I have an assignment in which I need to detect anomalies in a dataset. I'm using the 'anomalize' package in R and was wondering how to interpret the following output values of the 'anomalize' function:
Remainder_L1 Remainder_L2
I've checked the documentation but I'm unable to find the calculation method for these values. Can someone explain this calculation?
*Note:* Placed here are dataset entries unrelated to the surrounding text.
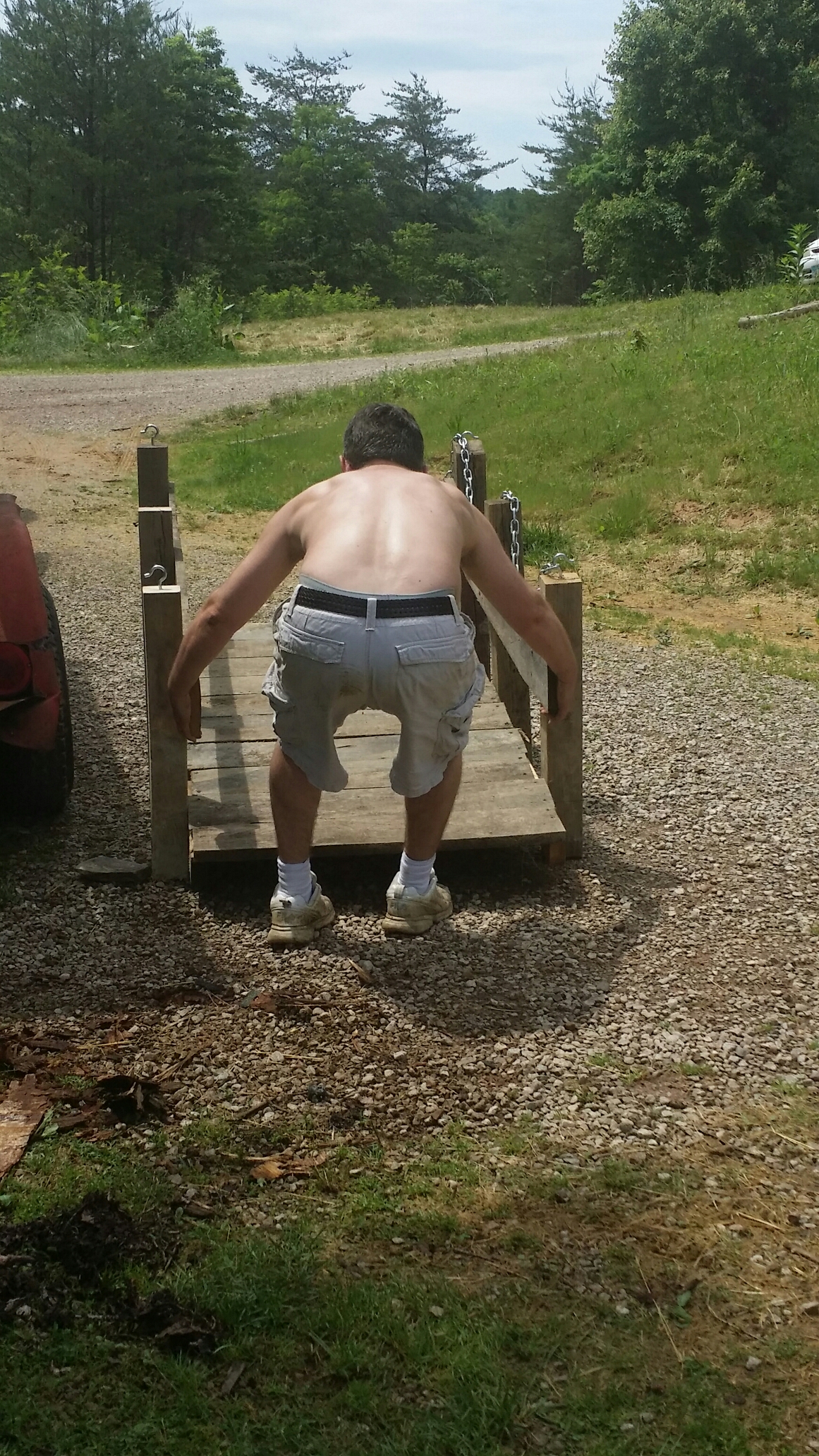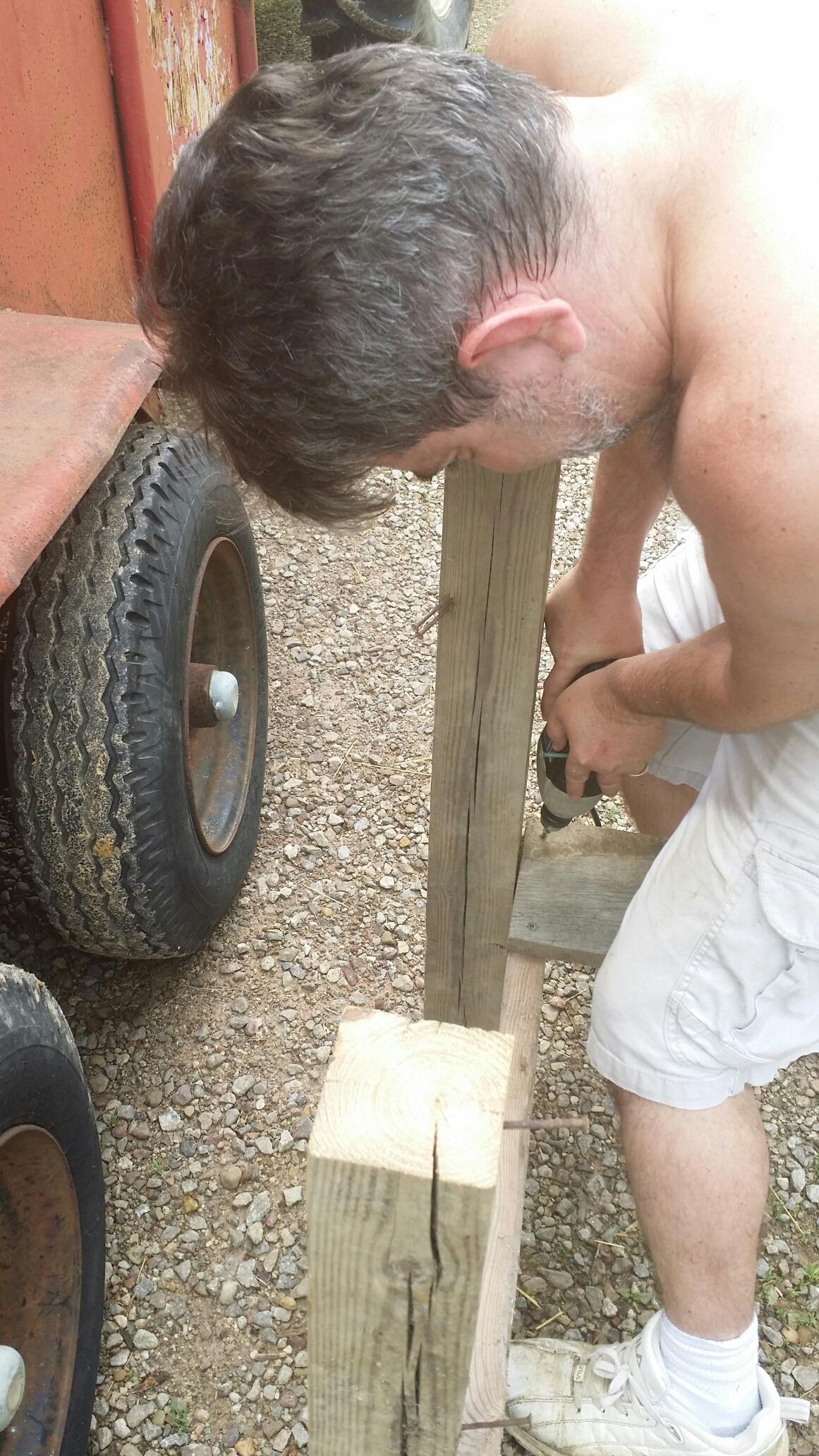 Monday, he worked from the time he got up until it was dark outside. His first project of the day was building a ramp for the trailer because we’d hoped to load the pigs up that evening (more about those pigs in tomorrow’s post). He did this all from scratch with repurposed materials, and the only new thing he purchased for it was one piece of chain for $14.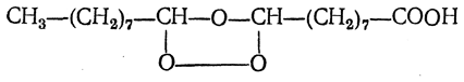 При действии озона на олеиновую кислоту получается продукт присоединения (озонид) строения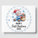 Capture all the holiday memories of your baby’s first Christmas with this charming guestbook. Features a sweet baby next to presents in a blue-themed design. The top is editable to add the baby’s name, making it a perfect keepsake for family and friends to leave messages and wishes.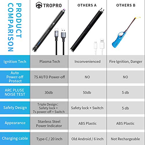 1 x Tropro Profi-Sicherheitslichtbogen-Feuerzeug, 1 x Typc-C auf USB-Strickkabel, 1 x Garantiekarte und 1 Jahr bedingungslose Garantie. Hinweis: Bitte nicht durch Schnellladung aufladen. Wir empfehlen das Aufladen über den USB-Anschluss am Computer oder 5 V1 A Ladekopf. Jedes Problem, bitte zögern Sie nicht, uns zu kontaktieren.

The anomolize documentation gives a great example of how to apply anomolize()
to a time series
This generates the Remainder_L1
and Remainder_L2
values for CRAN tidyverse downloads (that data comes with the anomolize package, so no need to import data, just run the code below to see how it generates the columns
# install.packages("anomalize")
library(tidyverse)
library(tibbletime)
library(anomalize)
tidyverse_cran_downloads %>%
time_decompose(count, merge = TRUE) %>%
anomalize(remainder)
# package date count observed season trend remainder remainder_l1 remainder_l2 anomaly
# <chr> <date> <dbl> <dbl> <dbl> <dbl> <dbl> <dbl> <dbl> <chr>
# 1 broom 2017-01-01 1053 1053. -1007. 1708. 352. -1725. 1704. No
# 2 broom 2017-01-02 1481 1481 340. 1731. -589. -1725. 1704. No
# 3 broom 2017-01-03 1851 1851 563. 1753. -465. -1725. 1704. No
# 4 broom 2017-01-04 1947 1947 526. 1775. -354. -1725. 1704. No
# 5 broom 2017-01-05 1927 1927 430. 1798. -301. -1725. 1704. No
What do these values mean? From the anomolize source code we see:
"remainder_l1" (lower limit for anomalies), "remainder_l2" (upper limit for anomalies)
In the example above, it's saying in the first row, anomolize()
would treat the value (1053) as an anomoly if it was less than -1725, or greater than 1725.